- Born: 11 June 1908 Montmartre, Paris, France
- Died: 20 June 1995 (aged 87) Sydney, Australia
- Citizenship: Germany, Australia
- Education: Stuttgart Technische Hochschule
- Known for: Entropy and Economics
- Awards: Syme Prize, 1952
- Scientific career
- Fields: Experimental physicist
- Workplaces: University of Melbourne University of Sydney
- Doctoral advisor: Erich Regener

= Henri Daniel Rathgeber =

Australian physicist

Henri Daniel Rathgeber (11 June 1908 - 20 July 1995) was an Australian physicist who studied cosmic rays but considered his most important contribution to be an economic theory that explain how entropy causes unemployment.

==Education==
Rathgeber was born in Montmartre, Paris on 11 June 1908. His father, Daniel Rathgeber was German, working for Robert Bosch GmbH, and his mother Hortense Desmousseaux was French.
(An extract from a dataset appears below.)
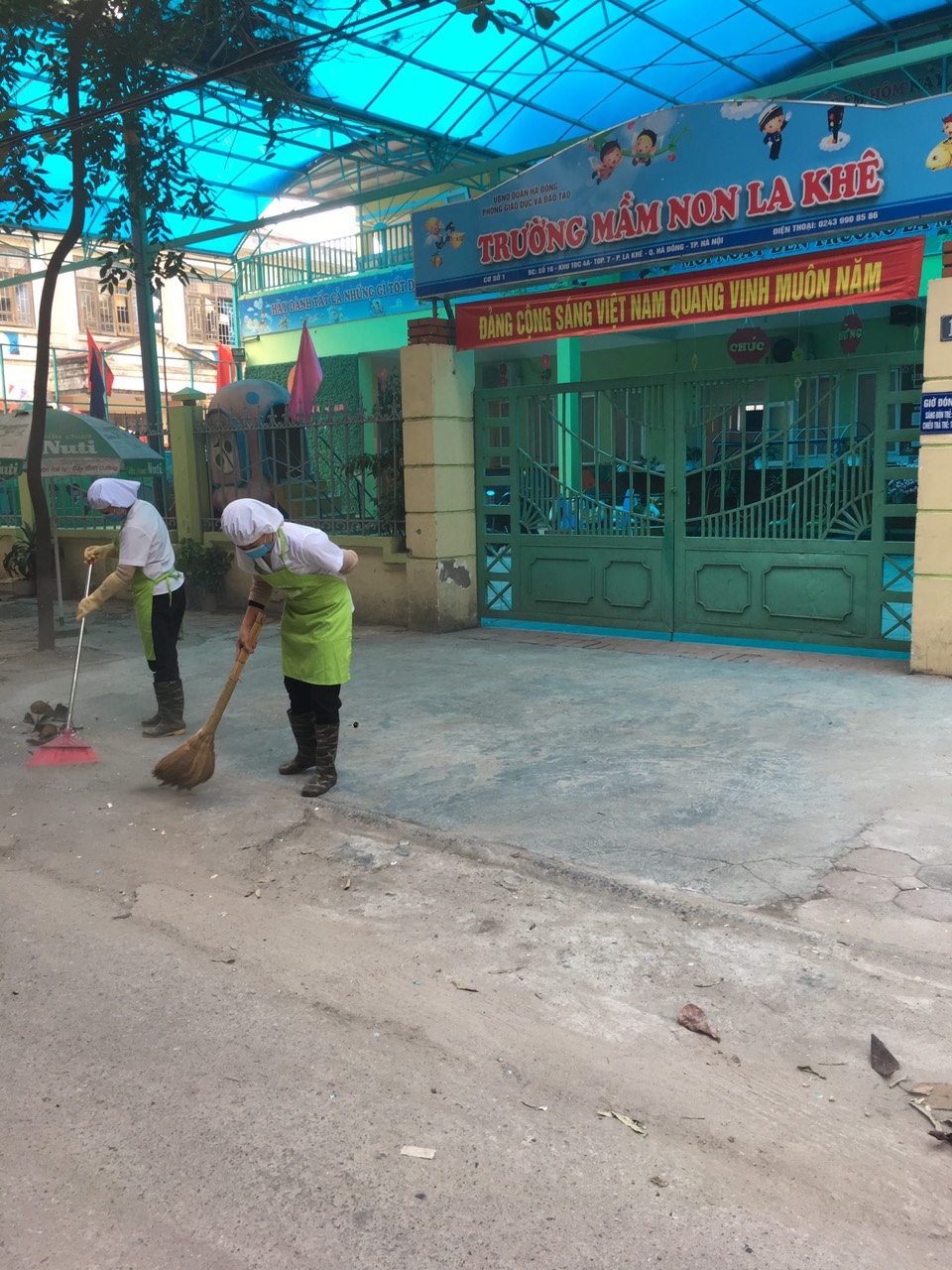 Được sự quan tâm chỉ đạo- hướng dẫn sát sao của phòng GD&ĐT quận Hà Đông, trạm y tế phường La Khê trong công tác phòng dịch nhiễm khuẩn đường hô hấp do chủng mới của vi rút corona tấn công. Trạm y tế phường La Khê đã cử cán bộ chuyên trách đến phun khử khuẩn toàn bộ khu vực trong và ngoài lớp học. Song song với các biện pháp vệ sinh đồ dùng đồ chơi, các biện pháp vệ sinh cá nhân, đeo khẩu trang ....

Just before the outbreak of first world war, he moved to Bad Dürkheim with his French mother, while his father served in the German army. From 1919-1924 he lived in Geneva, Switzerland and went to school at the College. In 1934 he completed an undergraduate degree at the Technische Hochschule in Stuttgart and in 1938 completed his doctorate in physics. During this period the physics department was very active at the Technische Hochschule, with teachers such as Erwin Schrödinger, Erich Regener and Paul Peter Ewald. Rathgeber played an important role in Erich Regener's aerial cosmic ray measurements, as he was the only student at that time who owned a car, and was therefore asked to collect the balloons and measuring apparatus, which could travel up to a distance of 200 km from Stuttgart. On 2 August 1932 Rathgeber married Erich Regener's daughter, Erika Regener.

==Career==
In 1939 Rathgeber emigrated to Melbourne, Australia with his wife and two children. From 1940 to 1946 he worked as a part-time as a research physicist with the Optical Munitions Panel at the University of Melbourne. In 1940 he obtained the Thomas Lyle fellowship in physics at the University of Melbourne. In 1952 he shared the David Syme Research Prize and was asked by Harry Messel to take up a position as a reader at the University of Sydney.

==Economics research==
During the inter-war period, Rathgeber was heavily influenced by the economic ideas of Silvio Gesell which were popular in Germany at the time. Rathgeber retired in 1973 and in retirement returned to his earlier interest in economics and its connection with physics and in particular entropy and control system design. In 1974 he developed a theory explaining how random noise in the form of an error rate, as defined in Claude Shannon's information theory causes an inverse linear relationship between unemployment and inflation, but at the time such ideas were not taken seriously. Rathgeber continued to write various unpublished papers about his theory. He died in Sydney in 1995.